Linguist John McWhorter, writing in The Atlantic, called the book "a racist tract", saying it infantilized and condescended towards black people. He also stated the book was "replete with claims that are either plain wrong or bizarrely disconnected from reality". As examples, he cited DiAngelo's claim that white baseball fans believe that no Black person before Jackie Robinson was in the Major Leagues because none were qualified and her claim that in the American higher-education system no one ever talks about racism. He argued that the book contradicts itself about white racial identity and leaves white people with no way to avoid being racist. He further criticized the book for not explaining why or how its instructions will help to accomplish social change.
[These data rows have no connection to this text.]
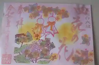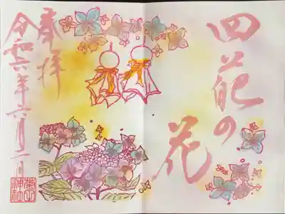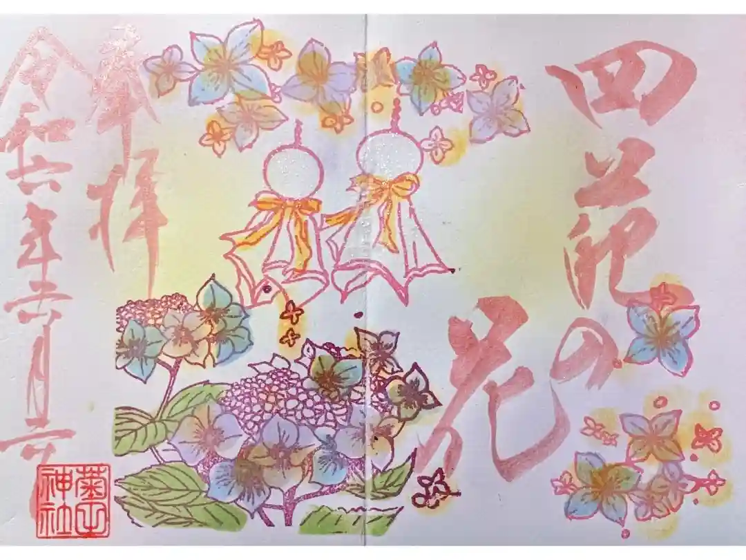 令和六年6月季節の御朱印。四苑の花。紫陽花(あじさい)とてるてる坊主の絵
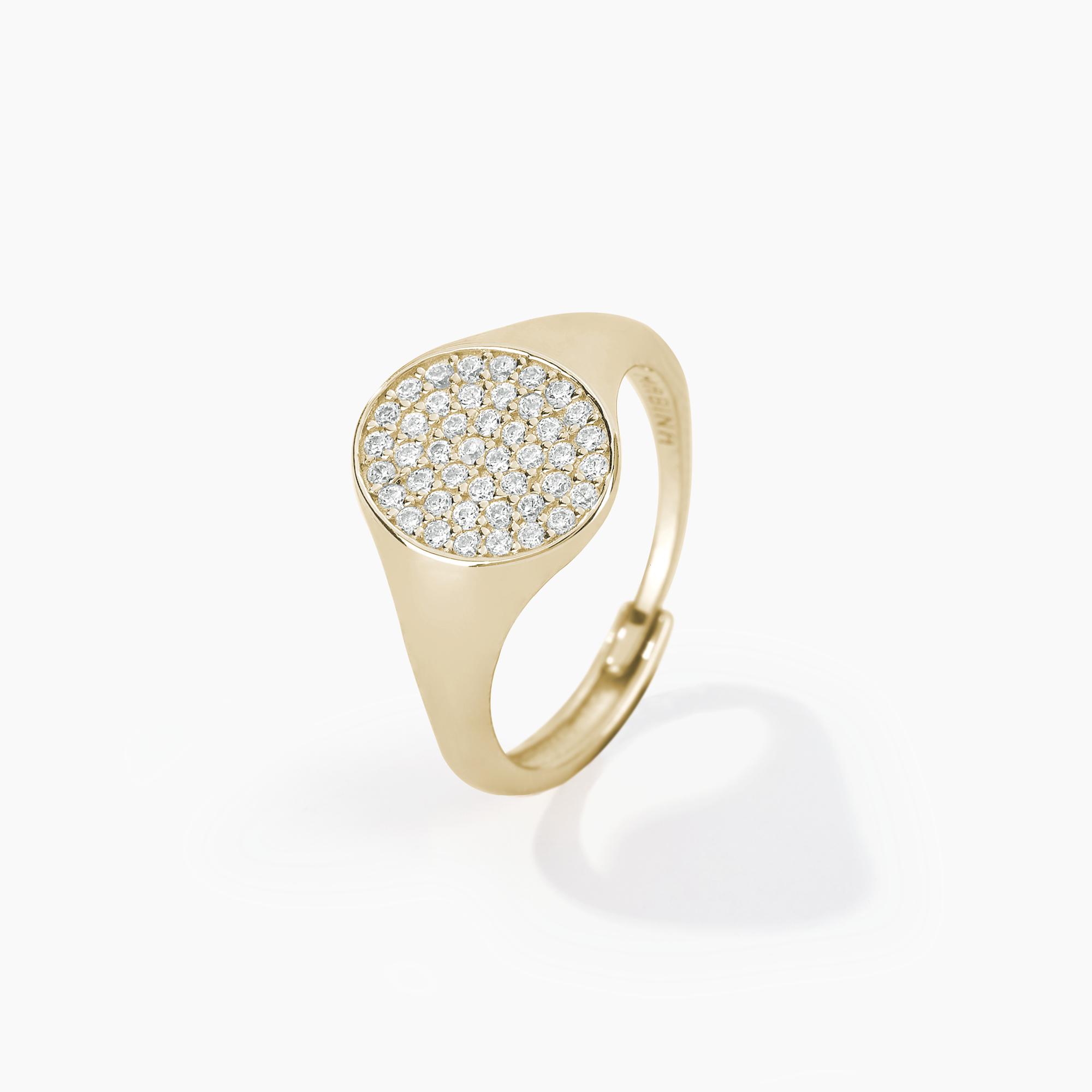 Anello chevalier in argento con pavé di zirconi.
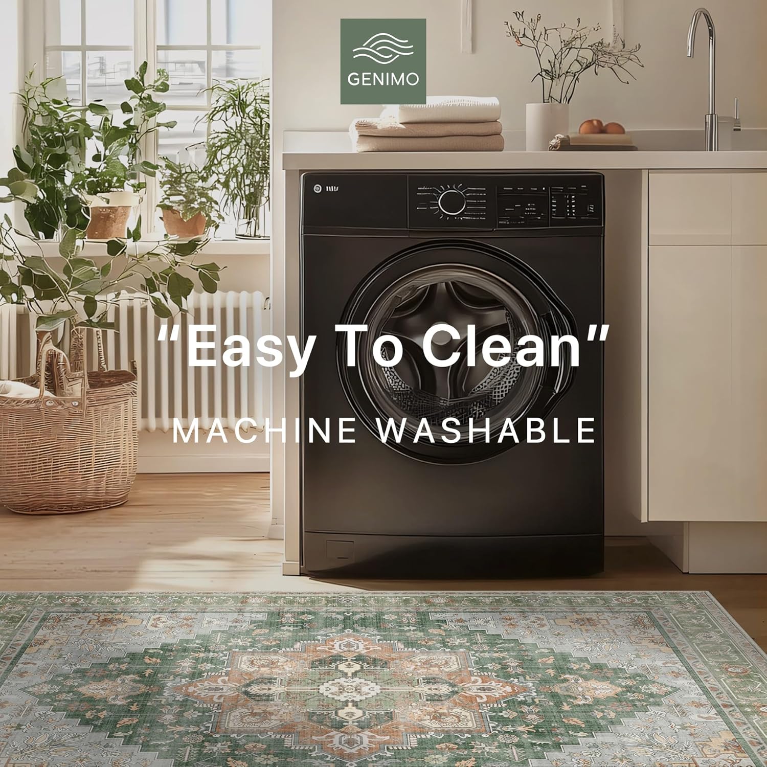 GENIMO 2x5 Runner Rugs for Hallway, Machine Washable Non Slip Vintage Rugs, Low Pile Lightweight Soft Print Rug for enrtyway, Corridor, Home Office, Kitchen, Sage Green
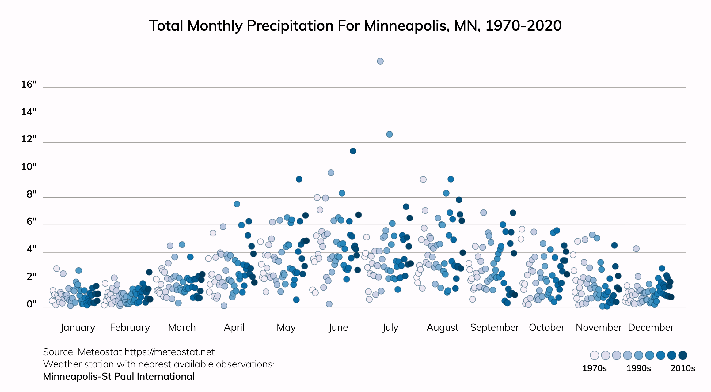 A downpour for Minneapolis, MN is a two-day rainfall total over 0.7 inches. Around 1990, about 44.0% of precipitation fell during these downpours. In 2050, this is projected to be about 47.0%. The annual precipitation in Minneapolis, MN is projected to increase from about 29.8" to about 31.9".Extreme precipitation in any form can pose significant risks. Climate change is increasing the potential for extreme rainfall or snowfall because warmer air can hold more water vapor. See more information on storm risk. Property owners can take steps to reduce their risks from extreme precipitation.
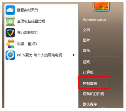 1、点击桌面左下角的开始菜单,打开控制面板。
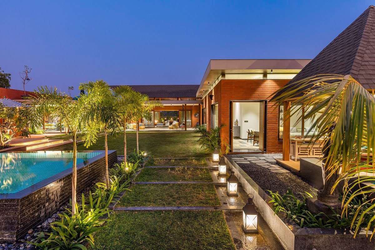 [Text submitted by the Architect] ‘Tamara villa’ is a weekend home designed for a family of four on the outskirts of Ahmedabad, India. The project exemplifies an idiosyncratic oeuvre that ranges from architecture, through interior, to landscape. Tamara translates to ‘a blooming lotus flower’; it signifies purity, enlightenment and self-regeneration. Keeping this in mind, though it was a family house, we made sure that each individual should get their own personal niche within. The plot size is 65,900sq.ft. while the construction is only of 6250sq.ft. This ratio of the built-unbuilt, gave us an opportunity to explore landscape as a medium to enhance the charm and beauty of the project. The villa has a touch of tropical experience to ideate as place for rejuvenation and relaxation. The idea was to feel connected to outdoors and create a living within a garden typology.

Writing in the Boston Review, political science professor Peter Dreier also criticizes DiAngelo's interpretation of the Jackie Robinson story. "Contrary to DiAngelo's retelling," Dreier writes, "Robinson's success did not render 'whites, white privilege, and racist institutions invisible.'" He further writes that "In White Fragility DiAngelo examines racism as a web of deeply-ingrained attitudes rather than as a system of power—what is often called institutional or systemic racism. Perhaps this is because discussing the redistribution of power, wealth, and income might not sit comfortably with DiAngelo's corporate clients."

White Fragility was criticized by Alan Sokal on epistemological grounds in an article in the Journal of Philosophy of Education. In it, he criticizes DiAngelo among other things for employing logical fallacies, such as bulverisms and kafkatraps, and concludes that what DiAngelo presents as "established truths" should instead be presented as "conjectures": "DiAngelo rightly urges white people to be humble when reflecting upon their own racial views; it is unfortunate that she fails to apply the same humility when considering her own theories."

Douglas Murray criticized the main contention of the book: that not only were all white people racist, but that white people who objected to being called racist were simply providing further evidence of their racism. "Meaning that the best thing to do in any given situation is for a person to save time and confess to being a racist."